Distributist Economist Erratum Four & Conclusion



So far in this discussion we have discovered that the distributist economist we’ve been calling “Tom Steele,” and his associate we’ve termed “Joe Wide,” have made three fundamental errors in their financial analysis.  These are, 1) the belief that future cash flows can be known with absolute certainty in the present, 2) that there is an ideal value or price of something that has no relation to the value that buyers and sellers assign to what is being exchanged, and 3) Return On Investment (ROI), the discount rate, and the interest rate are all the same.  We can now address what may be the most fundamental error of all: their understanding of money and credit.

Error Number Four
Louis O. Kelso
The entire discussion up to this point has assumed that the capital has been purchased using existing savings loaned by a saver.  That is, we have been using the assumption that the only way to finance anything is to cut consumption and accumulate money savings.  Is that, however, how the system should work?
No.  As Dr.

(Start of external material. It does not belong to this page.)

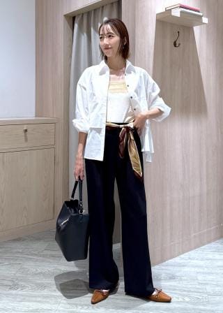 コーデを明るくしてくれるオフホワイト(ブラウンのコバ色でこなれ感UP)
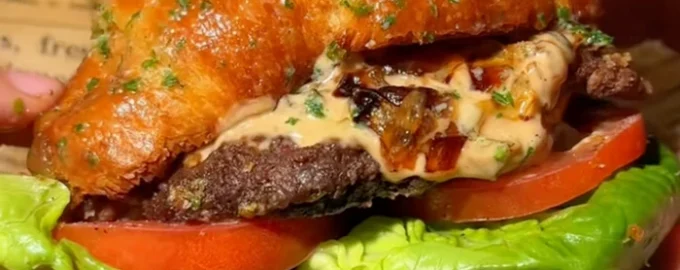 Het geheim is simpel, een croissant in plaats van een zwaar broodje, een romige mix van mayonaise, gekarameliseerde uien en augurken in plaats van de gebruikelijke saus, en het vlees is perfect gegrild, dun en sappig. Het is niet zomaar een burger, het is een burger voor mensen die van het leven met smaak houden. En het gedetailleerde recept voor de bereiding staat op de dampagina.

Harold G. Moulton proved in his classic refutation of Keynesian monetary theory, The Formation of Capital (1935), financing for capital expansion should not come out of past savings (past reductions in consumption), but out of capital credit repaid out of “future savings” (future increases in production).  The “pure credit” system Louis Kelso and Mortimer Adler described in their second book, The New Capitalists (1961) — based on Moulton’s work — eliminates the need to use past savings as the source of loans to universalize access to capital ownership and incomes not dependent on government redistribution and jobs.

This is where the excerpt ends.